3.1.1.9. Distinguibilità

La distinguibilità può interessare sia gli interventi di consolidamento che prevedono sostituzioni o aggiunte di elementi strutturali, sia l’installazione di dotazioni, come contemplato nell’articolo 10 della Carta di Barcellona che enuncia: “le dotazioni obbligatorie di navigazione e sicurezza devono integrarsi armoniosamente nell’insieme, ma nello stesso tempo devono potersi distinguere dall’originale, in modo che il restauro non ne falsifichi l’aspetto artistico e storico”26. Secondo quanto esplicitato, il rischio di

alterazione di parte delle caratteristiche proprie dell’imbarcazione, a causa di aggiunte di ausili alla navigazione e o d’impiantistica in linea con i requisiti di sicurezza richiesti, è risolto con l’attuazione di scelte mirate all’integrazione armonica con l’esistente, pur nel rispetto di principi di netta diversificazione dalla strumentazione originale esistente a bordo.

La Carta non fornisce tuttavia analoghe indicazioni riguardo la potenziale distinguibilità di componenti strutturali aggiunte durante un intervento di restauro. La tematica, fortemente dibattuta nel restauro, offre soluzioni quali il carattere di nuda semplicità per le aggiunte e la negazione del falso storico con integrazioni che evitino un falso antico. In prima analisi è molto chiara la volontà del raggiungimento di un’unità figurativa che permetta una corretta leggibilità dell’opera, pur senza cancellare i segni che il tempo e gli eventi hanno inevitabilmente lasciato sul manufatto, o mascherando le aggiunte necessarie a garantirne sicurezza di fruizione e conservazione.
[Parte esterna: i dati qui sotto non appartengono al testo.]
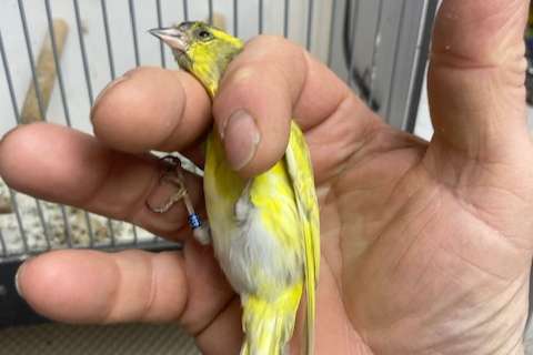Wegens plaatsgebrek een koppel silice sijzen, dominant geel. Man is van 23 en pop van 25. Goed geringd en gezond. Kweeknummer 3FMZ.
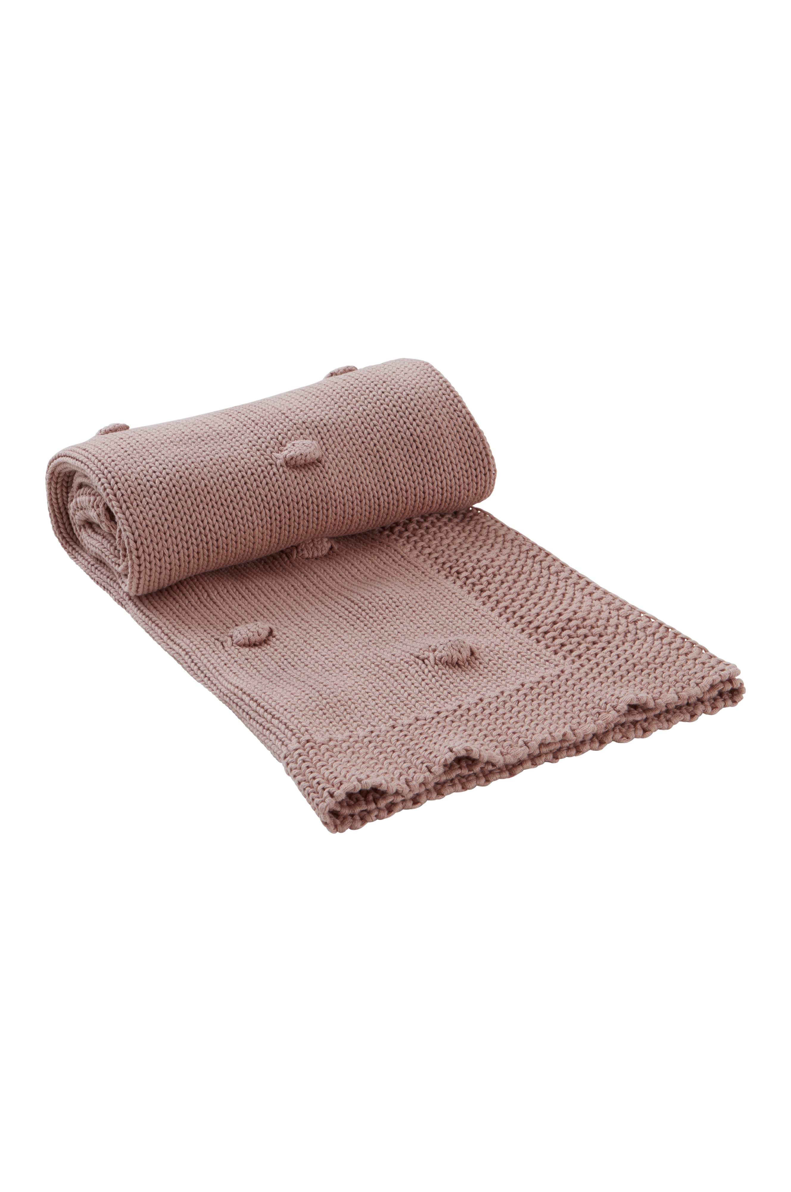 Ensfarget, strikket babyteppe i økologisk bomull med boblet mønsterstrikk og fint strikket, bred bord rundt. Det myke babyteppet passer bra å ha i vuggen, barnevognen og sprinkelsengen og det er koselig å svøpe rundt det lille barnet i armene.

Nell’ambito del restauro del patrimonio marittimo, l’attenzione a questa tematica

è stata raramente dimostrata fino ad ora: uno dei rari esempi al riguardo, ha previsto la marchiatura a fuoco della totalità delle componenti originali di Aria27,

un 8mSI del 1935, per distinguerle dalle aggiunte e sostituzioni avvenute durante le lavorazioni sull’imbarcazione. Un altro caso è Shylphea III, un’imbarcazione della stessa classe della precedente, nella quale si presentava la necessità di un’aggiunta alla struttura longitudinale, al fine di consolidare una zona che in queste imbarcazioni è frequentemente soggetta a rotture.In questo secondo intervento, si è scelto di installare la nuova struttura realizzata in legno dall’elevato dimensionamento e visibile al di sopra del piano dei paglioli, invece che un manufatto in metallo di minor dimensionamento che sarebbe potuto rimanere celato dal piano di calpestio. Questi sono casi sporadici e si può, in generale, affermare che l’attenzione a questo criterio non sempre è posta con la giusta rilevanza; ciò dimostra come, nonostante alcune problematiche intrinseche nella natura stessa dei materiali, anche dettate dall’esigenza periodica dell’applicazione su di questi di prodotti vernicianti, sia comunque possibile e importante interrogarsi riguardo questi temi. In merito è da sottolineare che spesso il legno, qualora trattato con vernici e o esclusivamente con impregnanti, comunica esso stesso le aggiunte o le sostituzioni, grazie alla tonalità e alla trama della fibra che sempre differisce tra tavole provenienti da piante diverse. È per questo che tassellature, tappi, intarsi e ogni genere di integrazioni sono facilmente riconoscibili sulle strutture con fibra a vista. Per quanto riguarda le componenti trattate a smalto la situazione è diversa, in quanto la finitura pigmentata cela gli interventi unificando le superfici, anche grazie alle stuccature, sotto un’unica colorazione. In questi casi potrebbe essere utile punto di partenza lasciare traccia dell’intervento attraverso opportuni elaborati che evidenzino le sostituzioni, le integrazioni e la serie di tassellature celate dagli smalti.

3.1.1.10. Documentazione

Lasciare traccia documentale di come si è operato sul bene è fondamentale. Produrre una documentazione28 che integri le motivazioni delle scelte progettuali, la descrizione dello

stato dell’arte e le indicazioni per l’esecuzione dell’intervento di restauro (unitamente ai materiali adottati) agevolerà le attività future e favorirà la leggibilità di eventuali sintomi di degrado.

Il materiale così prodotto potrà inoltre essere utilizzato per incrementare la leggibilità delle caratteristiche proprie dell’imbarcazione in occasione di mostre temporanee o permanenti, esposizioni museali, raduni ed eventi legati al mondo della marineria.